“God’s providence ye may call it,” answered the Captain, shaking the Goodman’s hand as if he were pumping out the hold of a sinking ship, “and I ’ll not gainsay it. The truth is I overhauled these small craft floundering around in the tide-wash with water over their scuppers ‘n’ all but wrecked, so I took ’em in tow and brought ’em ashore!”
Their mother, meanwhile, had not waited for explanations. Seeing how chilled they were, she had hurried the children to the loft above the one room of the cabin and was already giving them a rub-down and getting out dry clean clothes while they told her their adventure.
“Thank God you are safe,” she said, clasping them both in her arms, when the tale was told.
“Thank Captain Sanders as well, Mother,” said Daniel. “Had it not been for him, I doubt if we could have reached the shore.”
“Let this be a lesson to you, then,” said the Goodwife, loosening her clasp and picking up the wet clothing. “You know well about the tide! Nancy, child, why art thou so wild and reckless? Thou art the cause of much anxiety.”

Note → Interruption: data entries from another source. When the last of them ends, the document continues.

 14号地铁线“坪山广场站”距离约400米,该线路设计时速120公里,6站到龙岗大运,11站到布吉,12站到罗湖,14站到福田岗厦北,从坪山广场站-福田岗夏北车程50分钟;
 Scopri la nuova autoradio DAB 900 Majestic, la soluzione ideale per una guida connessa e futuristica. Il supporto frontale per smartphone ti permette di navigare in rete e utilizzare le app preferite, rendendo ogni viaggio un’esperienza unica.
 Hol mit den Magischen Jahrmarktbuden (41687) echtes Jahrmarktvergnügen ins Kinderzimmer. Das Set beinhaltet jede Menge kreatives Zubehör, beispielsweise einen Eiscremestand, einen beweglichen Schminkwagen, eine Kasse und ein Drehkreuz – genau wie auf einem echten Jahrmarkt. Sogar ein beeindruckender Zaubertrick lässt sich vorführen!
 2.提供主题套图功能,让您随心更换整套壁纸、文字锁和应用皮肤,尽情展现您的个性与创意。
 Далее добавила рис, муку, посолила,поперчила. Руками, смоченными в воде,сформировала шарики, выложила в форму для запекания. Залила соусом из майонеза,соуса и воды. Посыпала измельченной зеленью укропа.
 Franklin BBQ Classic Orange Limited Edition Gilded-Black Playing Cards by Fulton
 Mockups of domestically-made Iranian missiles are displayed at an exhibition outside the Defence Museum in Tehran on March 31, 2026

At her mother’s reproof, gentle though it was, poor Nancy flopped over on her stomach, and, burying her face in her hands, gave way to tears.
“It ’s all because I am so wicked,” she moaned. “My sins are as scarlet! Oh, Mother, dost think God will cause the lightning to strike us dead to punish me?” She shuddered with fear as a flash shone through the chinks of the logs and for an instant lighted the dim loft.

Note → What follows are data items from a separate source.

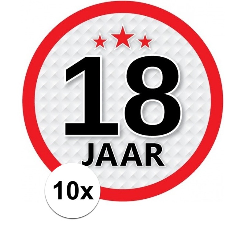10x 18 jaar leeftijd versiering sticker rond. Een leuke ronde sticker met het cijfer 18. Leuk als versiering voor een 18e verjaardag, een jubileum of iets anders met dit cijfer. De diameter van deze sticker is ongeveer 15 cm. Verjaardag/jubileum feestversiering artikelen.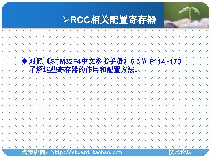 ØRCC相关配置寄存器 typedef struct { __IO uint 32_t CR; __IO uint 32_t PLLCFGR; __IO uint 32_t CFGR; /*!< RCC clock configuration register, Address offset: 0 x 08 */ __IO uint 32_t CIR; /*!< RCC clock interrupt register, Address offset: 0 x 0 C */ __IO uint 32_t AHB 1 RSTR; /*!< RCC AHB 1 peripheral reset register, Address offset: 0 x 10 */ __IO uint 32_t AHB 2 RSTR; /*!< RCC AHB 2 peripheral reset register, Address offset: 0 x 14 */ __IO uint 32_t AHB 3 RSTR; /*!< RCC AHB 3 peripheral reset register, Address offset: 0 x 18 */ uint 32_t RESERVED 0; /*!< Reserved, 0 x 1 C */ __IO uint 32_t APB 1 RSTR; /*!< RCC APB 1 peripheral reset register, Address offset: 0 x 20 */ __IO uint 32_t APB 2 RSTR; /*!< RCC APB 2 peripheral reset register, Address offset: 0 x 24 */ uint 32_t RESERVED 1[2]; /*!< Reserved, 0 x 28 -0 x 2 C */ __IO uint 32_t AHB 1 ENR; /*!< RCC AHB 1 peripheral clock register, Address offset: 0 x 30 */ __IO uint 32_t AHB 2 ENR; /*!< RCC AHB 2 peripheral clock register, Address offset: 0 x 34 */ __IO uint 32_t AHB 3 ENR; /*!< RCC AHB 3 peripheral clock register, Address offset: 0 x 38 */ uint 32_t RESERVED 2; /*!< Reserved, 0 x 3 C */ __IO uint 32_t APB 1 ENR; /*!< RCC APB 1 peripheral clock enable register, Address offset: 0 x 40 */ __IO uint 32_t APB 2 ENR; /*!< RCC APB 2 peripheral clock enable register, Address offset: 0 x 44 */ uint 32_t RESERVED 3[2]; /*!< Reserved, 0 x 48 -0 x 4 C */ __IO uint 32_t AHB 1 LPENR; /*!< RCC AHB 1 peripheral clock enable in low power mode register, Address offset: 0 x 50 */ __IO uint 32_t AHB 2 LPENR; /*!< RCC AHB 2 peripheral clock enable in low power mode register, Address offset: 0 x 54 */ __IO uint 32_t AHB 3 LPENR; /*!< RCC AHB 3 peripheral clock enable in low power mode register, Address offset: 0 x 58 */ uint 32_t RESERVED 4; /*!< Reserved, 0 x 5 C */ __IO uint 32_t APB 1 LPENR; /*!< RCC APB 1 peripheral clock enable in low power mode register, Address offset: 0 x 60 */ __IO uint 32_t APB 2 LPENR; /*!< RCC APB 2 peripheral clock enable in low power mode register, Address offset: 0 x 64 */ uint 32_t RESERVED 5[2]; __IO uint 32_t BDCR; __IO uint 32_t CSR; uint 32_t RESERVED 6[2]; __IO uint 32_t SSCGR; __IO uint 32_t PLLI 2 SCFGR; __IO uint 32_t PLLSAICFGR; __IO uint 32_t DCKCFGR; } RCC_Type. Def; 淘宝店铺:http: //eboard. taobao. com 技术论坛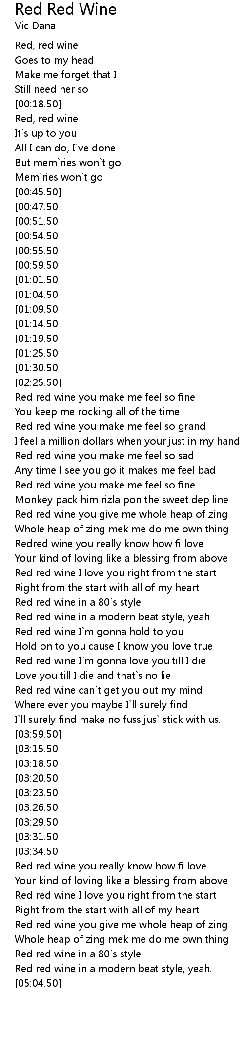 [04:19.50][03:26.50] Red red wine you make me feel so fine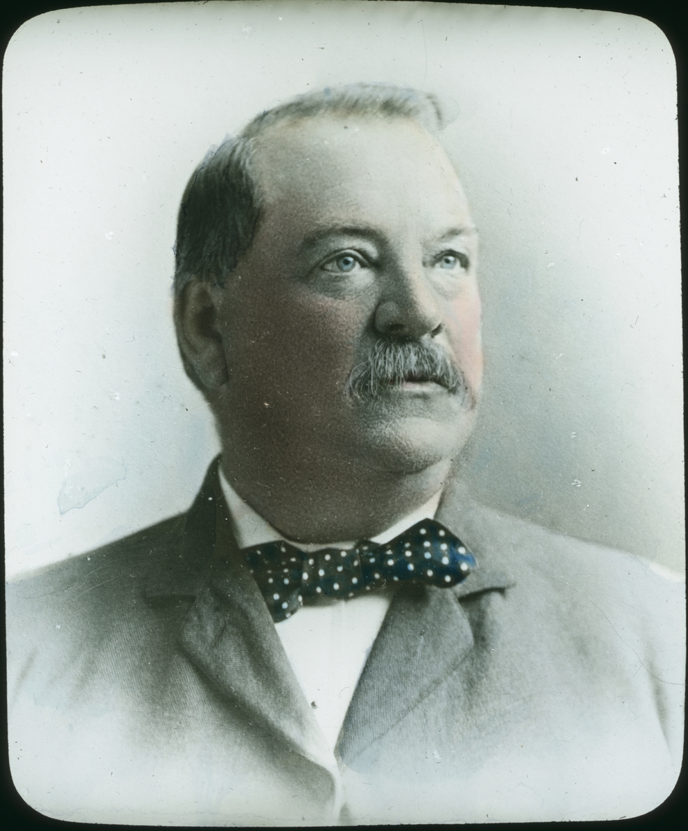 Kolorerad skioptikonbild med motiv av okänd man.

Her mother put down the wet clothes and, lifting her little daughter tenderly in her arms, laid her on her bed. “God maketh the rain to fall on both the just and the unjust,” she said soothingly. “Rest here while I go down and get supper.”

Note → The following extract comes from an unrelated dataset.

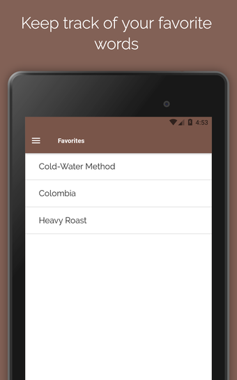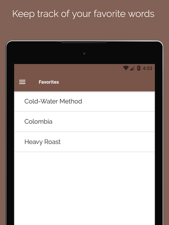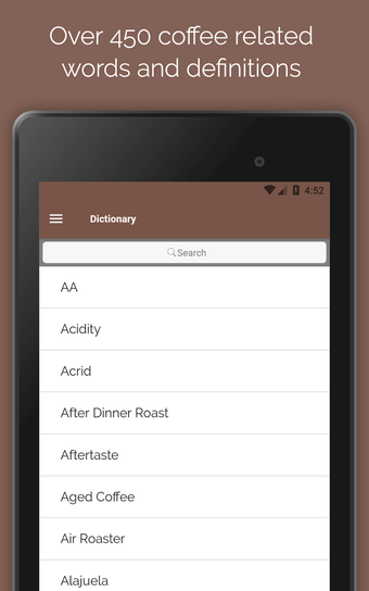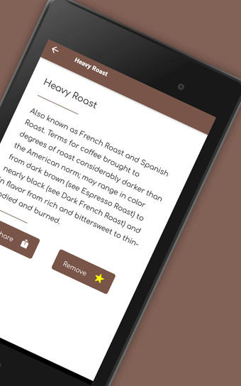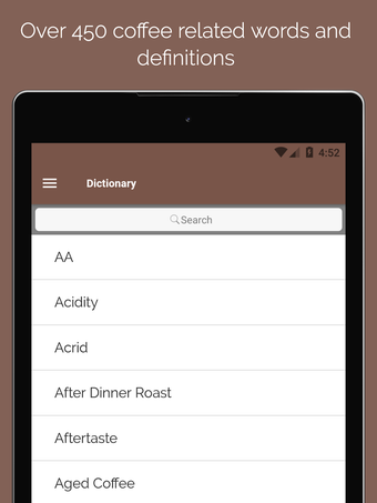 Barista Coffee Dictionary A-Z to bezpłatna aplikacja na Androida opracowana przez Prestige Worldwide Apps Inc. Jest to wszechstronna aplikacja słownikowa dla baristów i miłośników kawy. Aplikacja zawiera ponad 430 definicji kawy, które obejmują wszystko, od klasyfikacji i oceny ziaren po palenie i degustację.

She covered her warmly with a homespun blanket, and, accompanied by Dan, made her way down the ladder. She found her husband putting fresh logs on the fire and stirring the coals to a blaze, while the Captain hung his coat on the corner of the mantel-shelf to dry. She went up to him and held out her hand. “Captain Sanders,” she said, “but for thee this might be a desolate household indeed this night.”
The Captain’s red face turned a deeper shade, and he fidgeted with embarrassment, as he took her hand in his great red paw, then dropped it suddenly as if it were hot. “Oh, stow it, ma’am, stow it,” he begged. “That is, I mean to say—why, by jolly, ma’am, a pirate could do no less when he see a fine bit of cargo like that going to the bottom!”
To the Captain’s great relief the lobsters at this moment created a diversion. He had dropped them on the hearth when he came in, and they were now clattering briskly about the room, butting into anything that came in their way in an effort to escape. He made a sudden dash after them and held them out toward Goodwife Pepperell.
“Here they be, ma’am,” he said. “I ’d saved them for my supper, and I ’d take it kindly if ye ’d cook them for me, and help eat them, too. It ’s raining cats and dogs, and if I was to start out now, I ’d have a hard time finding the Lucy Ann. Ye can’t see a rod ahead of ye in such a downpour.”